Police stop data already shows Latinos are more likely to be stopped than Blacks in New Jersey, said Richie Rivera, a Peoples Organization for Progress member and local ACLU board member. Latinos, who often face a language barrier and are in the country illegally, quietly suffer the harassment, he explained.

"People are talking about these issues, but under their breath. What happens if racial profiling becomes the norm?" asked New York-based journalist Gil Noble, who lives in New Jersey and says he has been stopped by police.

It isn’t just ordinary people who are worried:

• Detroit’s new mayor says documents from the city law department files detailing the status of a Justice Department civil rights probe of the 4,175-person force are missing. The Detroit police department has been under federal investigation for over a year because of allegations of civil rights violations, including police shootings of civilians.

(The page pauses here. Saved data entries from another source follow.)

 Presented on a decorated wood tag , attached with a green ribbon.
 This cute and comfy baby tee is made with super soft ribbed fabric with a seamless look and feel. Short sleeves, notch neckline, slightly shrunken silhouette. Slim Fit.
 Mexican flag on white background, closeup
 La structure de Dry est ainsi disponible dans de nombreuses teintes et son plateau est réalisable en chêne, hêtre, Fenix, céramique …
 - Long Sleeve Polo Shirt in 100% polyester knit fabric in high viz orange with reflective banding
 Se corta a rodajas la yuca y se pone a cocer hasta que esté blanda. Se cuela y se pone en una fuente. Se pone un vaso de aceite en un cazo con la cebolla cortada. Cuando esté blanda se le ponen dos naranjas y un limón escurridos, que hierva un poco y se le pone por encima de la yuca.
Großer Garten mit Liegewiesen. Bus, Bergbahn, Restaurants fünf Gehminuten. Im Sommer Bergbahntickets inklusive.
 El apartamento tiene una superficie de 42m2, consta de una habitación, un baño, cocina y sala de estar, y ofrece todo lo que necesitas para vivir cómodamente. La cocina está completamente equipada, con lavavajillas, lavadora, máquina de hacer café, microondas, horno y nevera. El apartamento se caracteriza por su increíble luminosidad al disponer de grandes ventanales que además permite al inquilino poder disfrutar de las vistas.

• In the Nation’s Capitol, the Citizen Complaint Review Board, which monitors police misconduct, wants a better monitoring system for a force accused of having the country’s highest per rate for police shootings.

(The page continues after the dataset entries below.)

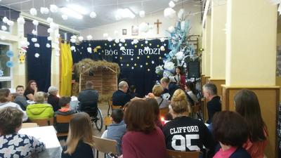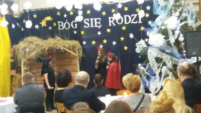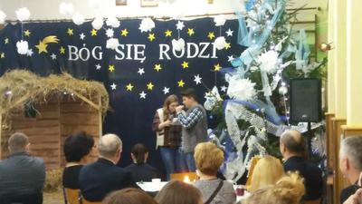 a następnie w trzech utworach wystąpił szkolny zespół muzyczny prowadzony przez panią Monikę Borkowską. Na koniec powrócono do wspólnego kolędowania. Przygotowane śpiewniczki, rozłożone na kawiarnianych stolikach, ułatwiały zadanie. Tradycja wspólnego śpiewania kolęd przez Polaków została pięknie podtrzymana.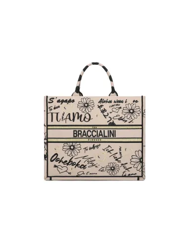 La borsa a mano di grandi dimensioni della collezione Queen di Braccialini è una dichiarazione d’amore allo stile, alla creatività e alla femminilità. Realizzata in tessuto pregiato, si distingue per i ricami esclusivi che celebrano il linguaggio universale dell’amore: scritte romantiche e fiori stilizzati si intrecciano in un raffinato gioco grafico, completato dal logo Braccialini ricamato.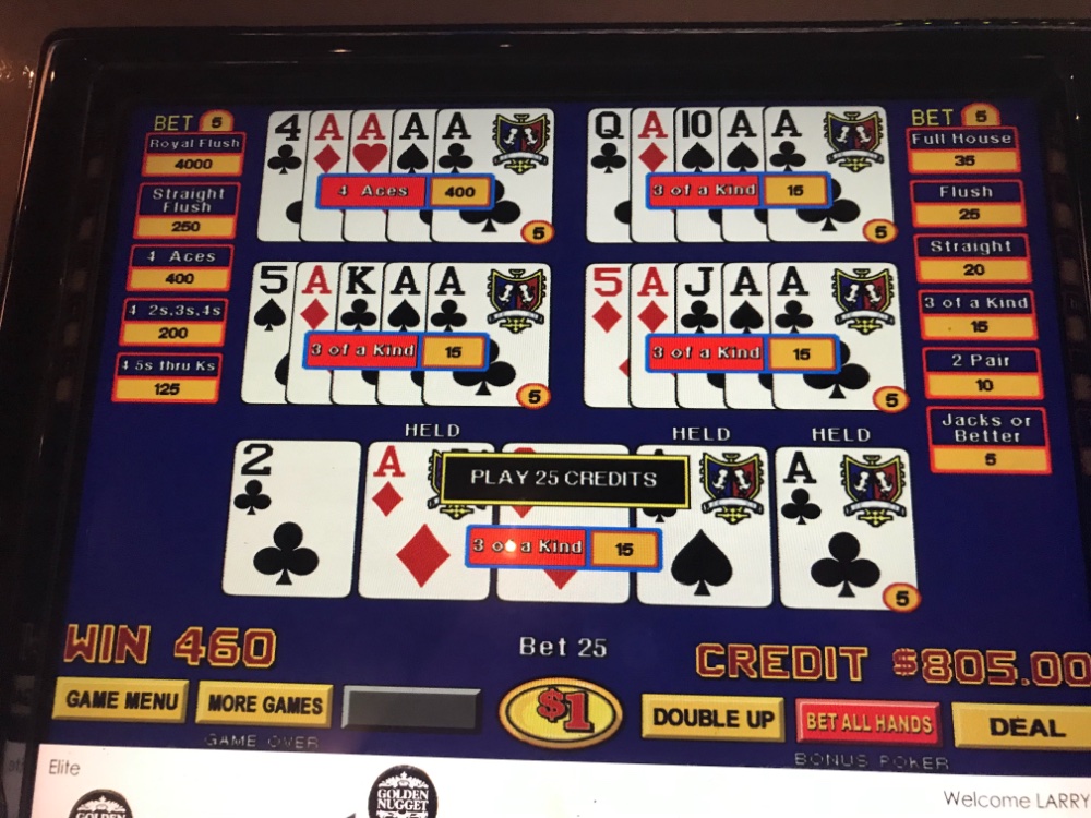 Double our bankroll and continue my assault. My next $200 in goes up to about $500 then downward to around $75. Resetting my timing I work it back to $735. Catch two quads in a few hands and I'm up to $1000 and cash out. Start with $400 and move to $Bonus catch 4 Aces and 4 deuces to over $1,000 again. Cash out. Move to an end All Star and start with $400 again playing Bonus, Jacks, DWB and DW. Down to under an $100 and then slowing down again I catch a Straight Flush twice on $1 and then back up to $700+. Now approaching 2:30 and I go back down and cash out at $200. End the night at 2:55 (3:00 am starts new day. Up $1,500 for the night with 4,700 points played. Can't wait for Friday/Saturday.

• The L.A. civilian review board has caused a stir by demanding a budget that allows for legal staff and researchers. It is trying to end its role as the rubber stamp for a police force with a history of corruption scandals and reputation for brutality. Last November, a federal consent decree mandated that LAPD document all police stops because of past racial profiling and other abuses.

Progressive police organizations, such as New York City’s 100 Blacks in Law Enforcement Who Care, fear targeting from within their own departments. The N.Y. group is suing NYPD for $80 million, alleging they were secretly monitored for over two years. "The goal of our lawsuit is to find out who authorized this illegal investigation," said Lt. Eric Adams, the group’s co-founder.

Sgt. Anthony Miranda, president of the NYC Latino Police Association, says NYPD’s action is chilling for those who are reform-minded. "We have guys saying that they want to join us, but we are hot, and some community activists admit the same thing," he said.

Mr. Hampton says Black police executives have to take a more proactive stance against police abuses. Some like Andrew Kirkland, the Black acting police chief in Portland, Oregon, who refused a Justice Department request to interrogate some 200 foreign students, deserve support, he said.

Larry Hamm. wants to see laws enacted that make racially profiling a crime and the New Jersey Assembly will re-introduce such a bill, according to former Essex County assemblyman LeRoy Jones. Mr. Jones believes that the new assembly, with a Democratic majority and even-divided State Senate may pass the legislation.

A similar federal law against racial profiling isn’t as likely. In an August hearing, as a U.S. Senate Subcommittee debated such a law, and Steve Young, national vice president for the powerful Fraternal Order of Police voiced opposition to the bill. "We oppose such a bill because there is a mistaken perception that the ugliness of racism is part of the culture of law enforcement," Mr. Young told senators.